The main product that Imation was selling to the market was floppy disks. There is constant development in computer technology and applications. This is what ultimately drove out Imation; as such the company needs to get on the current bandwagon. To build brand equity, the company has to understand the needs of the current market. The product that the market demands is what makes or breaks a company. Imation should get into the writable CD’s and flash disk production. The company would also have to use appropriate routes as marketing channels to reach the target market. These channels would have to be internet based. This is mainly to make it easy for customers to purchase the products online as is the current trend.
Coca-Cola has been the world’s largest producer of non-alcoholic beverages for many years. There is no end in sight for this global brand. MacDonald’s on the other hand, is the world’s largest fast food enterprise. MacDonald’s has its foot in many countries while Coca-cola is basically found in every country in the world (Dhar, 2007). Coca-Cola has managed to retain its logo practically the way it was originally designed in 1886 without alterations.
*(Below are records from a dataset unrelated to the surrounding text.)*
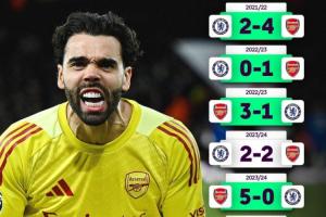自2022年以来,5年时间,切尔西面对阿森纳1胜难求:22年2负、23年1平1负、24年1平1负、25年1平1负、26年3负。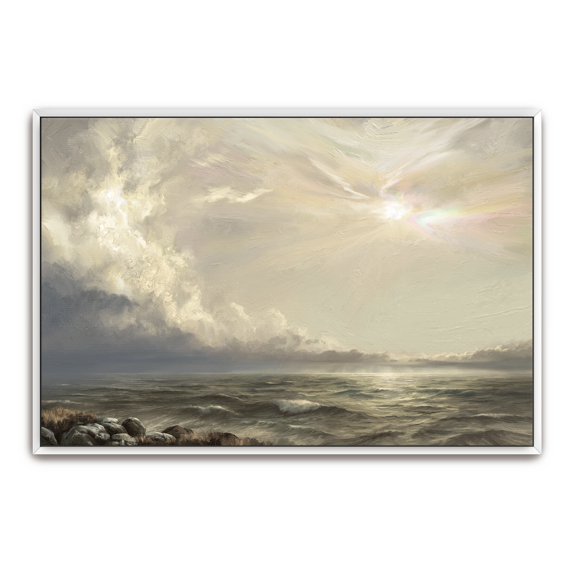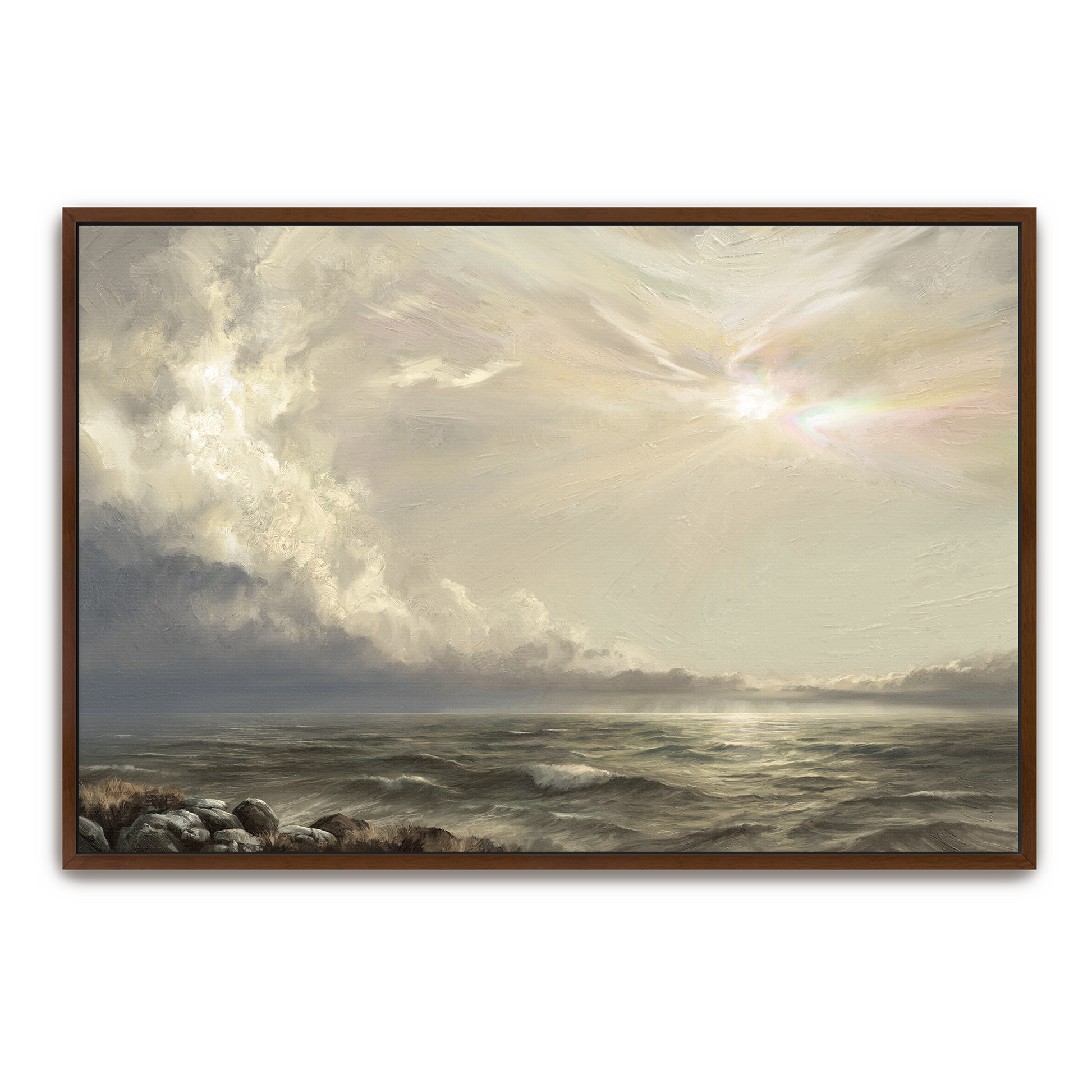 Our floating frames are made of quality wood, offering the canvas print the illusion of floating inside the frame. It comes in black, white, silver, gold, oak, natural wood, and espresso to complement any of your art & olive images.
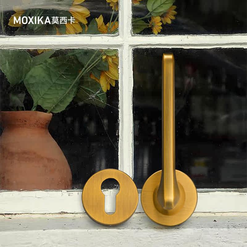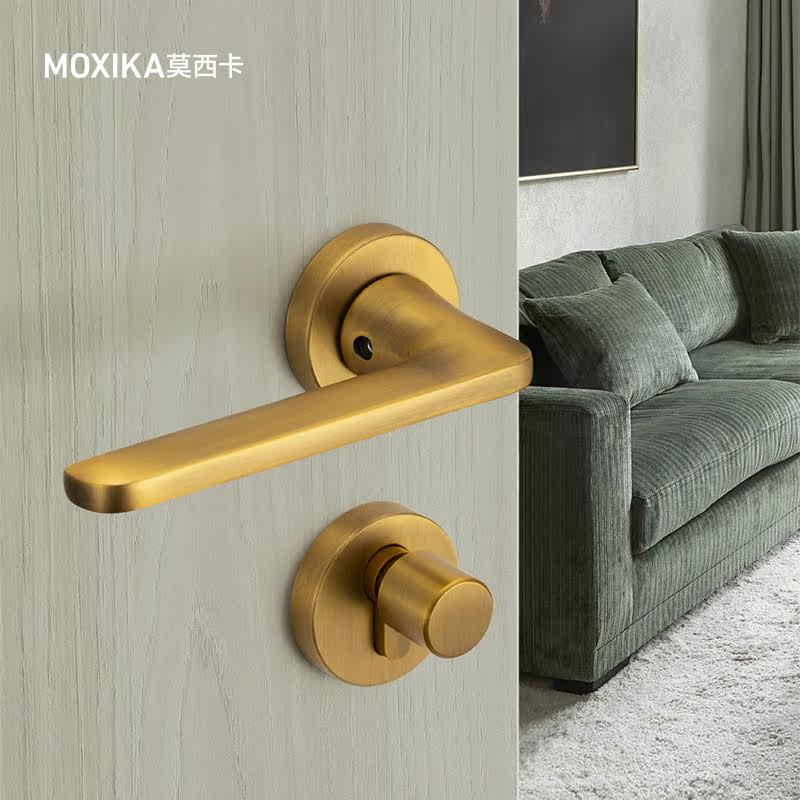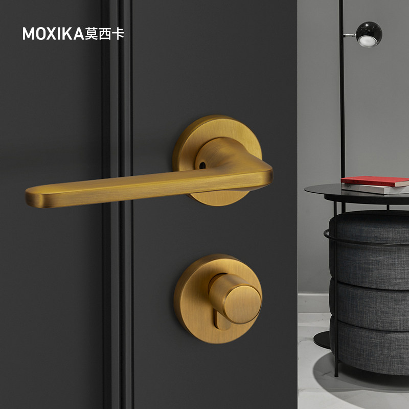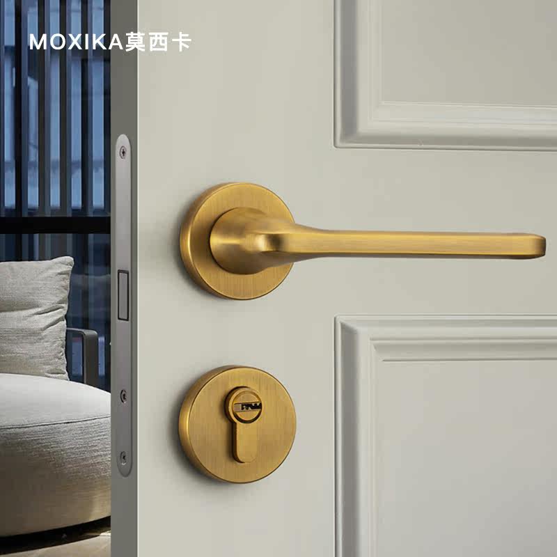 Mosica silent door lock indoor Nordic bedroom magnetic lock three-piece complete set of brass-colored wooden door pure American door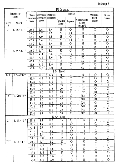 В таблице однородность пленки оценивали по отношению площадей непокрытой поверхности (обнаженной поверхности металла) и общей поверхности следующим образом: (превосходная) указывает на отношение площадей не более 1%, (хорошая) указывает на отношение площадей, превышающее 1%, но не более 5%. Для общей оценки (приемлемая) указывает, что результаты испытаний были или для однородности пленки. Результаты испытаний представлены в таблице 5.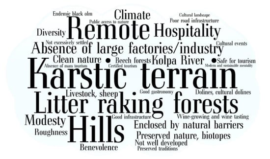 Responses to all questions from the interviews conducted by the five stakeholder groups (farmers, resident non-farmers, nature protection professionals, tourism professionals, local government representatives) were analysed individually. Figure 2 provides the coded answers to the question number 4 (Table 1), “What are the characteristics of this landscape that distinguish this place from other landscapes?”. More frequently mentioned special characteristics of landscapes in Bela krajina were “Karstic terrain”, “Litter raking forests” and “Absence of large factories/industry”. One might think that when respondents mentioned features of their landscape such as “Remote”, “Absence of large factories/industry”, “Absence of mass tourism” and “Not well developed”, these were meant as negative aspects, however, these were actually expressed as positive features of their landscape. The majority of respondents answered that the region benefits from being less developed, as this protects the natural areas from being destroyed for development.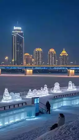 Evening: Stroll along Songhua River, enjoy the night light show (free), ice and snow sculptures by the river (winter).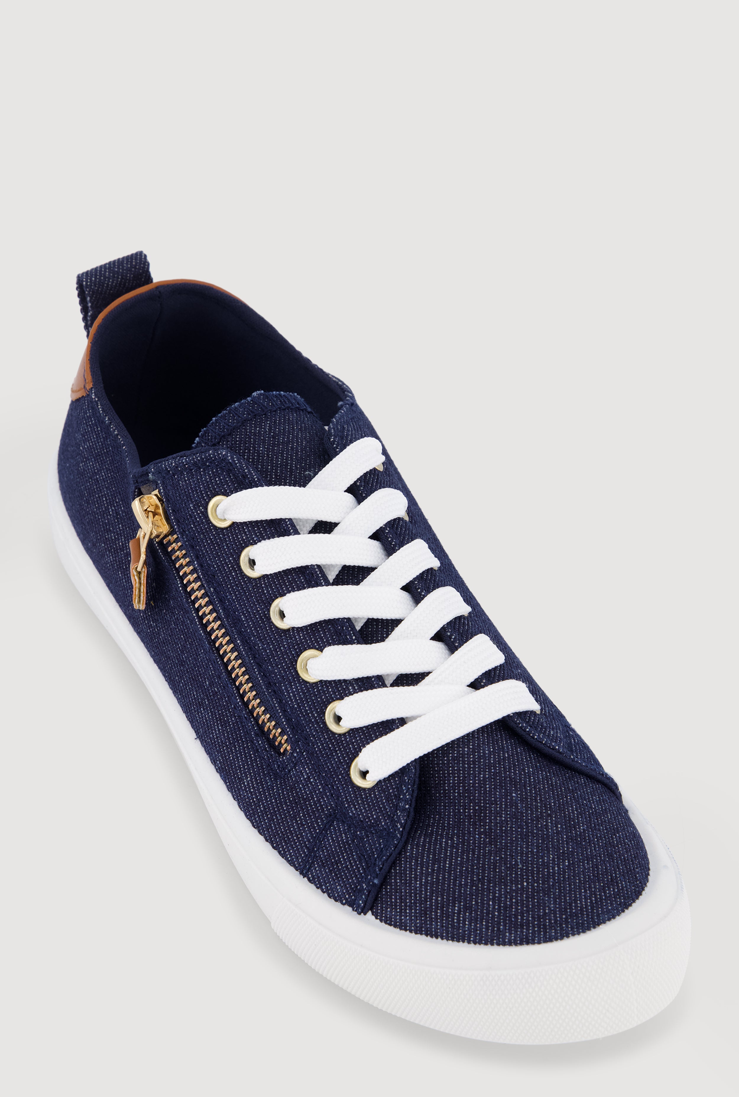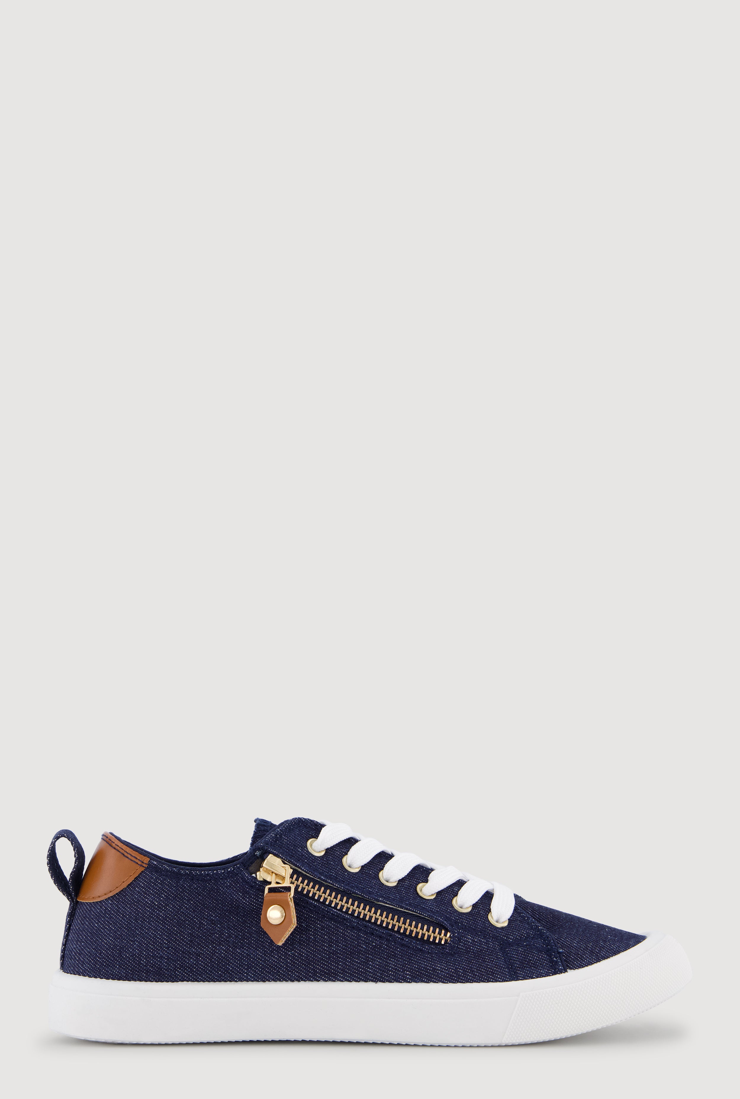 Zipper Detail Lace Up Low Top Sneakers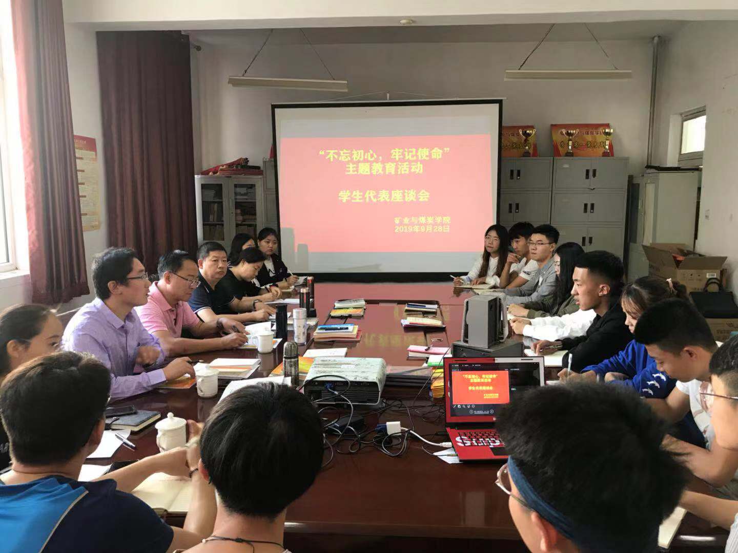 9月28日15:00,pg游戏电子模拟器党总支中心组在临曦楼204党员之家开展“不忘初心 牢记使命”主题教育之学生座谈会。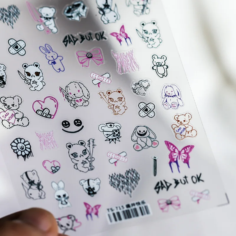 Слайдеры для ногтей в черном стиле на Хэллоуин, наклейка с медведем...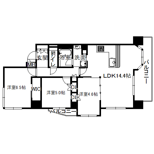 南南東向きのバルコニーからは明るい日差しが差し込みます。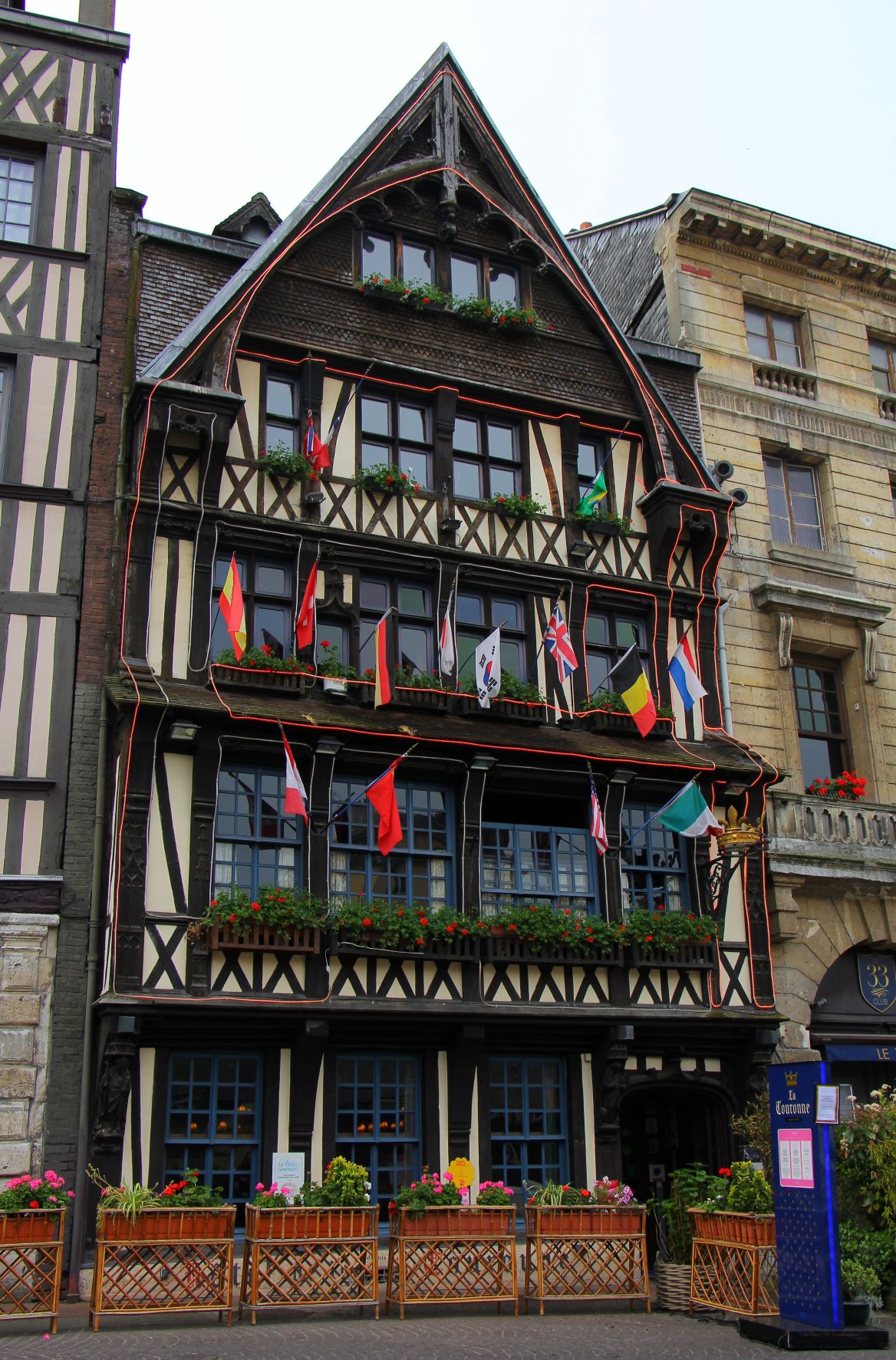 One shop I had to check out was Auzou, where I purchased the chocolatier’s ‘Joan of Arc tears,’ which are delicious cocoa powder covered almonds. I bought a few other snacks to take back to our hotel for Brian since he was at his work conference all day. The building itself dates from pre-1520 as evidenced by the higher floors leaning out into the street – this architectural style was then prohibited as it was believe to block the breeze and create stagnant, disease-riddled air.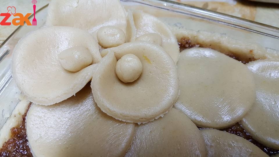 بنحط العجينة على نايلون وبنغطيها بطبقة تانية من النايلون وبنرقها
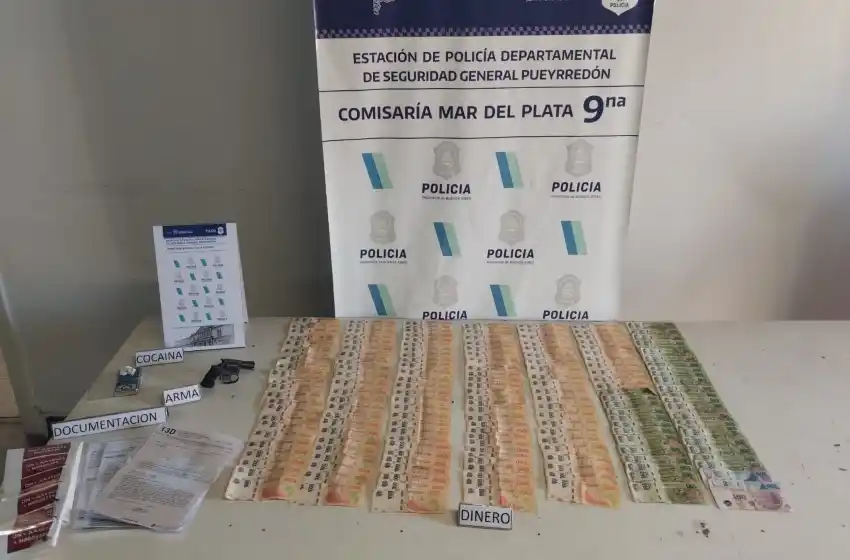 El personal realizó la aprehensión de uno de ellos, de 23 años. En cuanto al rodado, los uniformados secuestraron un arma de fuego, dinero en efectivo, sticker para grabado de cristales, balanza digital, formularios de transferencia, cédula de identificación del automotor apócrifos y envoltorio con 4,5 gramos de clorhidrato de cocaína.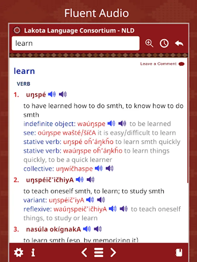 The New Lakota Dictionary (NLD) Mobile App is the best way to look up Lakota words, hear pronunciation, and view thousands of example sentences while on the go. It’s the ultimate electronic Lakota learning and reference tool.

The company has been at the fore-front in maintaining the company products with one appealing look over the years. MacDonald’s too has strived to maintain the iconic yellow letter M on a red background on its logo. It is obvious that the branding of these two companies has contributed to the household names they are today. They have managed to stay relevant for so long by growing and expanding their products whilst maintaining quality. One is assured that the taste that he is used to enjoying in Coca-Cola will be the same anywhere he goes. There should be minimal changes made to any of these brands since they have become synonymous with food and drinks.
A brand is able to bond with its consumers if it meets all the needs of the consumers. There being fewer monopolies, it is important for companies to strengthen their brands. A strong brand becomes the sole provider of services and products for the customers. Someone can drive for up to an hour and wait for another ten minutes to get a table at a restaurant. This is because that particular restaurant makes his steak just the way he likes it. The customer will bypass all the other restaurants on his way for that particular one. A brand has to be the best and offer the best to bond with its customers. It matters now more than ever that a company bonds with its customers. This is because the current customers are willing to spend money only on what they feel meets their expectations. The changes in technology also make it easy for people to communicate and pass ideas on the best products in the market (Heding, 2009). One person may like something and just comment about it on a social platform. A few days later it can become a household name. The tastes and needs of the current market have diversified affecting the buying behavior. Without bonding with the customers, a company would not succeed.